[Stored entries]
========

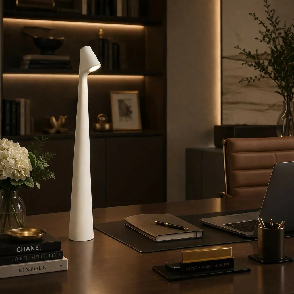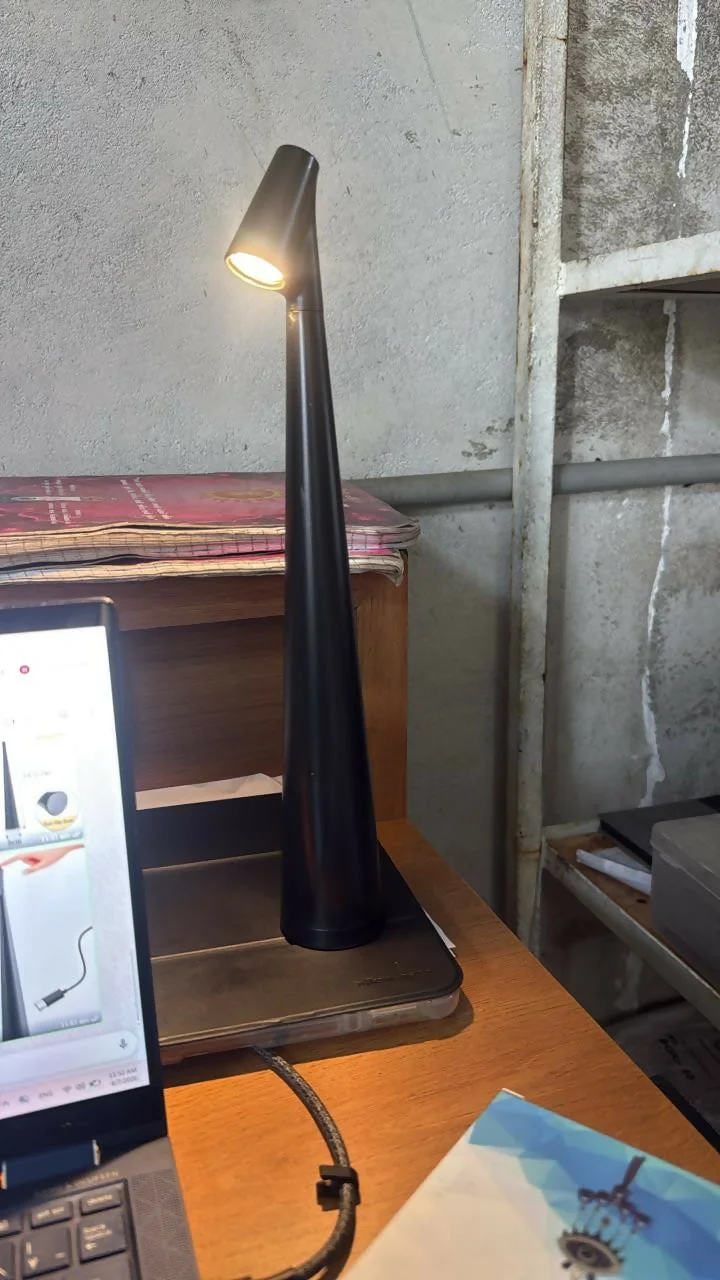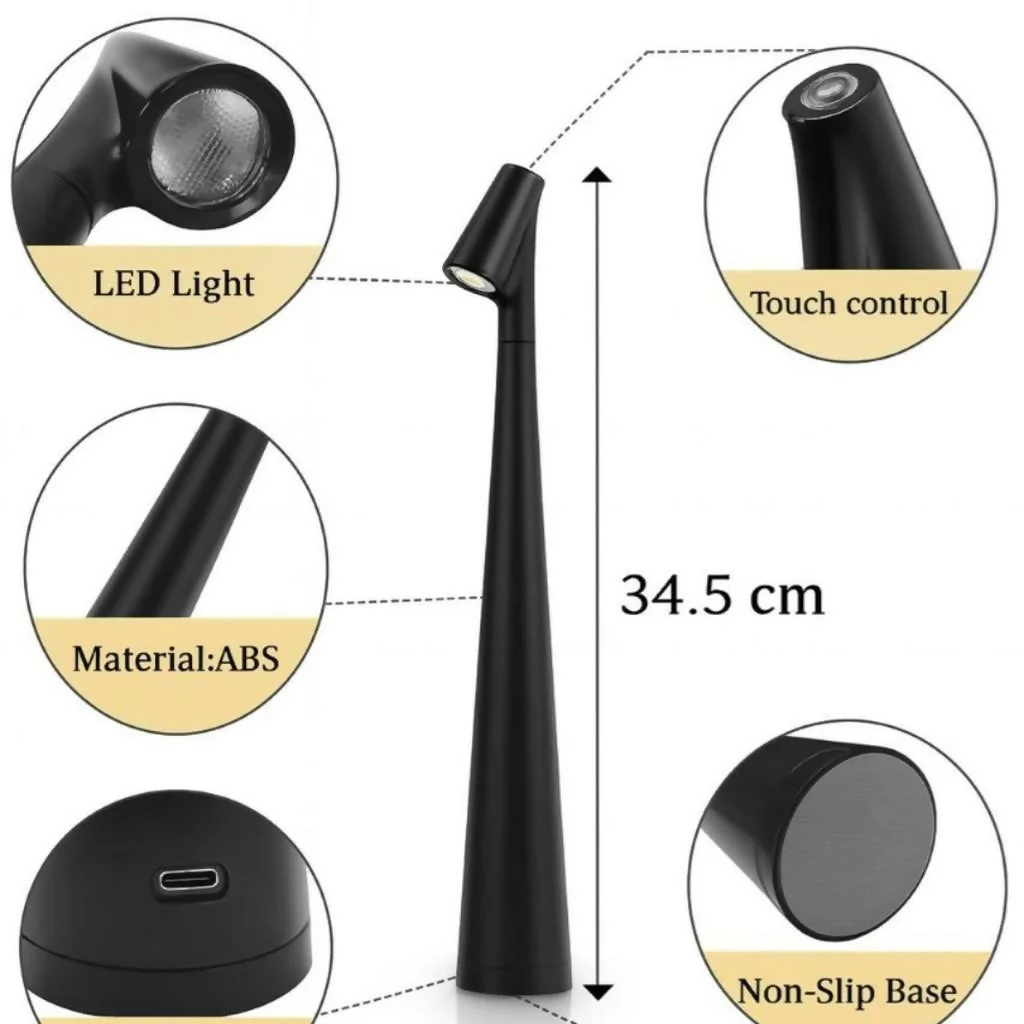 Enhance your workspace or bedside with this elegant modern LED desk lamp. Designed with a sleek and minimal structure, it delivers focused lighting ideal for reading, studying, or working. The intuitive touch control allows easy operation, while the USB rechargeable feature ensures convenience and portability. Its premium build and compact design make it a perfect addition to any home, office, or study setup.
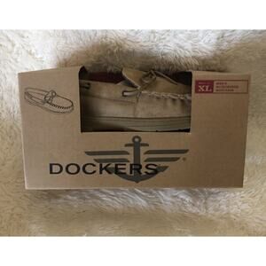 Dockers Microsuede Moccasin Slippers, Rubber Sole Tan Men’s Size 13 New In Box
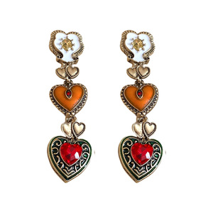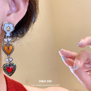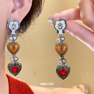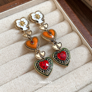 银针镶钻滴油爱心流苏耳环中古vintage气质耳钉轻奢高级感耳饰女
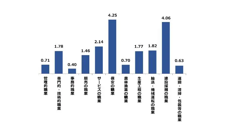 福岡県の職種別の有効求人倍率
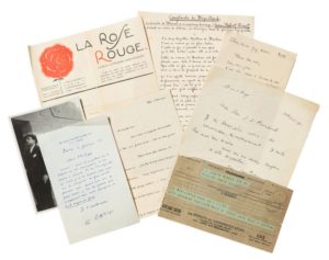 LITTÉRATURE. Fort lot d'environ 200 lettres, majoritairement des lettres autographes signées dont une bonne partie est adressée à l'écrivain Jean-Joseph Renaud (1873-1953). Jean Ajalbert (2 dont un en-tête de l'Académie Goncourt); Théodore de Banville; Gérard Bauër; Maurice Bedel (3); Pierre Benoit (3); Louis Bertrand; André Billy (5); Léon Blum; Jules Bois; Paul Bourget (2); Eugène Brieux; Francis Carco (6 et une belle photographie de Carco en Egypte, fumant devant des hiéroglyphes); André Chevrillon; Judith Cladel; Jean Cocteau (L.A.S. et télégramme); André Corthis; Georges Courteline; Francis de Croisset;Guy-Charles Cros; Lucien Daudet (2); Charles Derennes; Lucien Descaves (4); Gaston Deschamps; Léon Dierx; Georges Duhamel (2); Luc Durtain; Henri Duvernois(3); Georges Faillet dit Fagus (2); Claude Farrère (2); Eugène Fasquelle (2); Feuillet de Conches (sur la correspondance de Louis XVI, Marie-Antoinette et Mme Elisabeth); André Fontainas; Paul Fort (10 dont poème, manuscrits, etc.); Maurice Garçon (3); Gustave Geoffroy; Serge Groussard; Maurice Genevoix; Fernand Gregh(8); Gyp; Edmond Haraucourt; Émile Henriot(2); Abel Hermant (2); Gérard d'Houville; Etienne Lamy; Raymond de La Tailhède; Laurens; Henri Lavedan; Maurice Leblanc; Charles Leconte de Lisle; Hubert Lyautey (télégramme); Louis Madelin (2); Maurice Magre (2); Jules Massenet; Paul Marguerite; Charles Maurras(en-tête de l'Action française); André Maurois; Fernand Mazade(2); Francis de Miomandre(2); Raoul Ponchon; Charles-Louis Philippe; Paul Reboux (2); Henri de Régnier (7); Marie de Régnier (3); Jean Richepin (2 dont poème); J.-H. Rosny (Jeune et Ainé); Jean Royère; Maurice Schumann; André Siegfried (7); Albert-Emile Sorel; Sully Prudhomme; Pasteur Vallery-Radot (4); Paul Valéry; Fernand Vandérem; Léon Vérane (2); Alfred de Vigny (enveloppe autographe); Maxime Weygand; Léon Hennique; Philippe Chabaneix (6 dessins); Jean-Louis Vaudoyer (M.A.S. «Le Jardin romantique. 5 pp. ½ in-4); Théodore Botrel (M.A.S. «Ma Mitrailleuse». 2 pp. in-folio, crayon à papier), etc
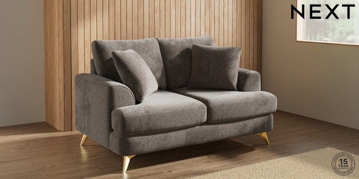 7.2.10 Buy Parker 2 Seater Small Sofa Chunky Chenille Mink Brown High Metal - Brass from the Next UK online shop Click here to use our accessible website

========

- [YOUR INSTRUCTIONS]: Output every record above exactly as written, but skip the pictures.

- [EXERCISE OUTPUT]:
 Enhance your workspace or bedside with this elegant modern LED desk lamp. Designed with a sleek and minimal structure, it delivers focused lighting ideal for reading, studying, or working. The intuitive touch control allows easy operation, while the USB rechargeable feature ensures convenience and portability. Its premium build and compact design make it a perfect addition to any home, office, or study setup.
 Dockers Microsuede Moccasin Slippers, Rubber Sole Tan Men’s Size 13 New In Box
 银针镶钻滴油爱心流苏耳环中古vintage气质耳钉轻奢高级感耳饰女
 福岡県の職種別の有効求人倍率
 LITTÉRATURE. Fort lot d'environ 200 lettres, majoritairement des lettres autographes signées dont une bonne partie est adressée à l'écrivain Jean-Joseph Renaud (1873-1953). Jean Ajalbert (2 dont un en-tête de l'Académie Goncourt); Théodore de Banville; Gérard Bauër; Maurice Bedel (3); Pierre Benoit (3); Louis Bertrand; André Billy (5); Léon Blum; Jules Bois; Paul Bourget (2); Eugène Brieux; Francis Carco (6 et une belle photographie de Carco en Egypte, fumant devant des hiéroglyphes); André Chevrillon; Judith Cladel; Jean Cocteau (L.A.S. et télégramme); André Corthis; Georges Courteline; Francis de Croisset;Guy-Charles Cros; Lucien Daudet (2); Charles Derennes; Lucien Descaves (4); Gaston Deschamps; Léon Dierx; Georges Duhamel (2); Luc Durtain; Henri Duvernois(3); Georges Faillet dit Fagus (2); Claude Farrère (2); Eugène Fasquelle (2); Feuillet de Conches (sur la correspondance de Louis XVI, Marie-Antoinette et Mme Elisabeth); André Fontainas; Paul Fort (10 dont poème, manuscrits, etc.); Maurice Garçon (3); Gustave Geoffroy; Serge Groussard; Maurice Genevoix; Fernand Gregh(8); Gyp; Edmond Haraucourt; Émile Henriot(2); Abel Hermant (2); Gérard d'Houville; Etienne Lamy; Raymond de La Tailhède; Laurens; Henri Lavedan; Maurice Leblanc; Charles Leconte de Lisle; Hubert Lyautey (télégramme); Louis Madelin (2); Maurice Magre (2); Jules Massenet; Paul Marguerite; Charles Maurras(en-tête de l'Action française); André Maurois; Fernand Mazade(2); Francis de Miomandre(2); Raoul Ponchon; Charles-Louis Philippe; Paul Reboux (2); Henri de Régnier (7); Marie de Régnier (3); Jean Richepin (2 dont poème); J.-H. Rosny (Jeune et Ainé); Jean Royère; Maurice Schumann; André Siegfried (7); Albert-Emile Sorel; Sully Prudhomme; Pasteur Vallery-Radot (4); Paul Valéry; Fernand Vandérem; Léon Vérane (2); Alfred de Vigny (enveloppe autographe); Maxime Weygand; Léon Hennique; Philippe Chabaneix (6 dessins); Jean-Louis Vaudoyer (M.A.S. «Le Jardin romantique. 5 pp. ½ in-4); Théodore Botrel (M.A.S. «Ma Mitrailleuse». 2 pp. in-folio, crayon à papier), etc
 7.2.10 Buy Parker 2 Seater Small Sofa Chunky Chenille Mink Brown High Metal - Brass from the Next UK online shop Click here to use our accessible website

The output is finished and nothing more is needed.